AIM OF THE TASK: All of the data below should be set down again verbatim, without any images.

INPUT DATA:
——————————

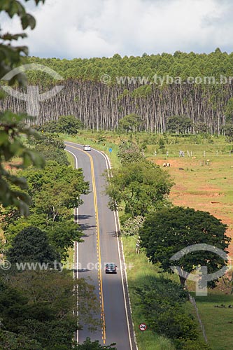 Subject: View of GO-164 Highway - between the Goias city and Mossamedes cities - with the eucalyptus plantation in the background / Place: Goias city - Goias state (GO) - Brazil
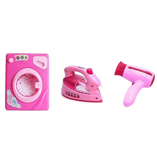 - Mini Battery Operated Kitchen & Household Set of 6 House Hold Home Appliances Toy Set for kids. Set Includes:: Sewing Machine, washing Machine, Hair Dryer, Vacuum Cleaner, Table Fan and Iron.
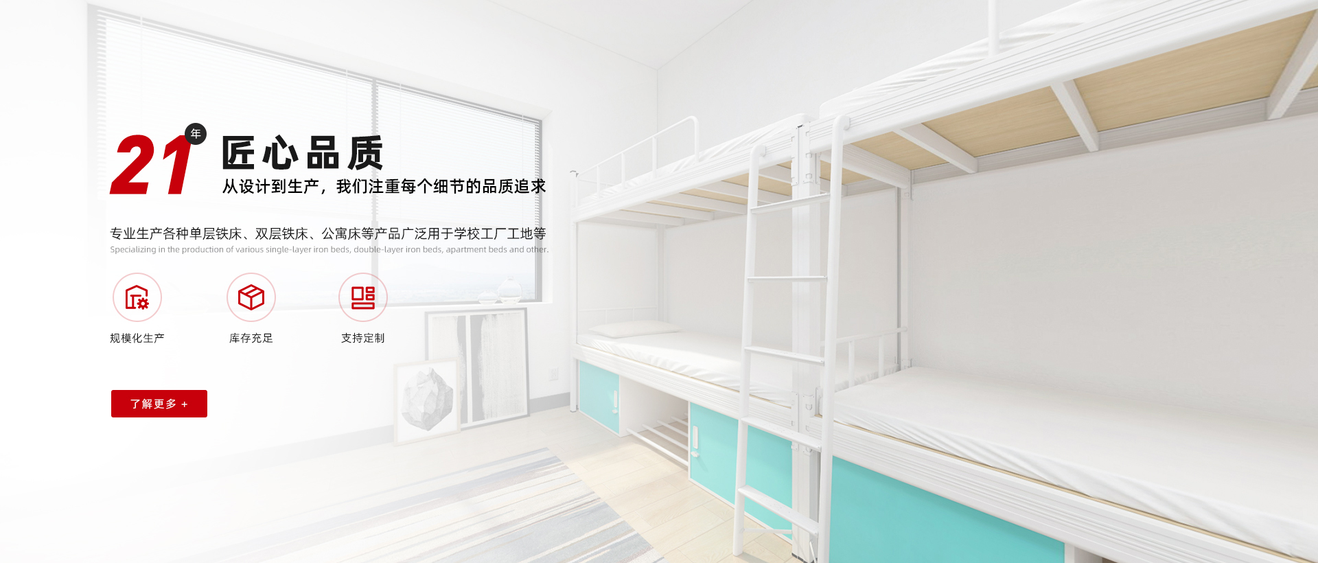 冠迪五金-看得見的鐵床生產實力 現(xiàn)代化生產制造企業(yè),為超過1000企業(yè)單位提供公寓宿舍鐵床鐵柜整體解決方案
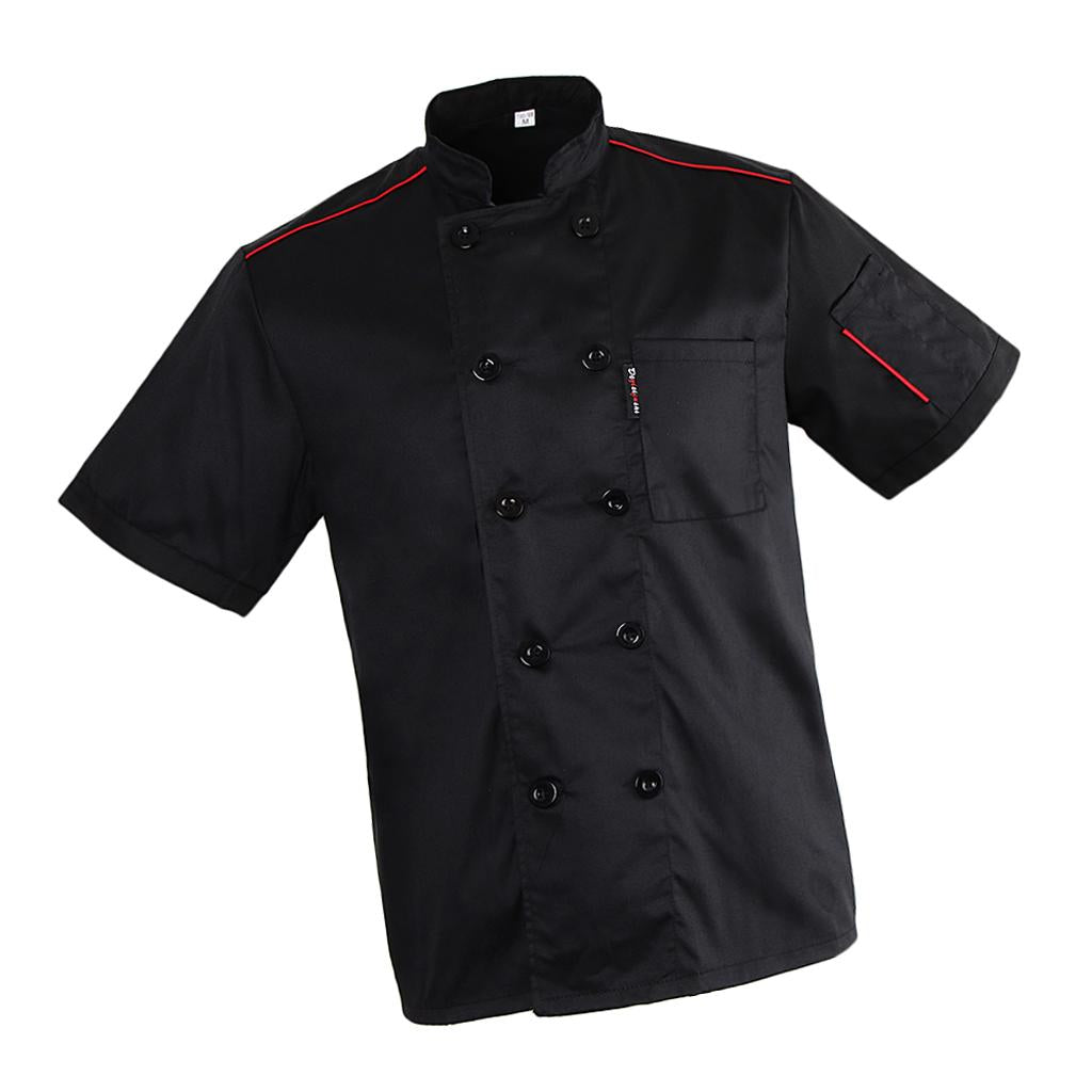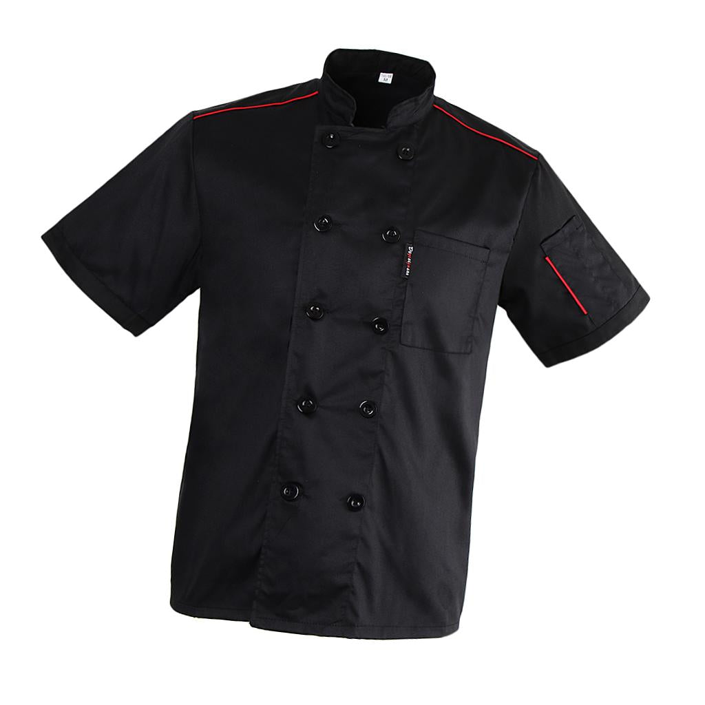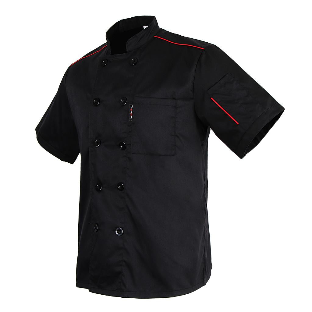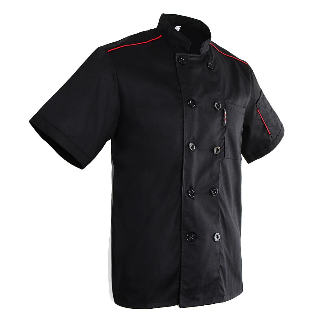 Unisex Adults Chef Jacket Coat Hotel Waiter Uniform Short Sleeves Black M

——————————

YOUR SOLUTION:
 Subject: View of GO-164 Highway - between the Goias city and Mossamedes cities - with the eucalyptus plantation in the background / Place: Goias city - Goias state (GO) - Brazil
 - Mini Battery Operated Kitchen & Household Set of 6 House Hold Home Appliances Toy Set for kids. Set Includes:: Sewing Machine, washing Machine, Hair Dryer, Vacuum Cleaner, Table Fan and Iron.
 冠迪五金-看得見的鐵床生產實力 現(xiàn)代化生產制造企業(yè),為超過1000企業(yè)單位提供公寓宿舍鐵床鐵柜整體解決方案
 Unisex Adults Chef Jacket Coat Hotel Waiter Uniform Short Sleeves Black M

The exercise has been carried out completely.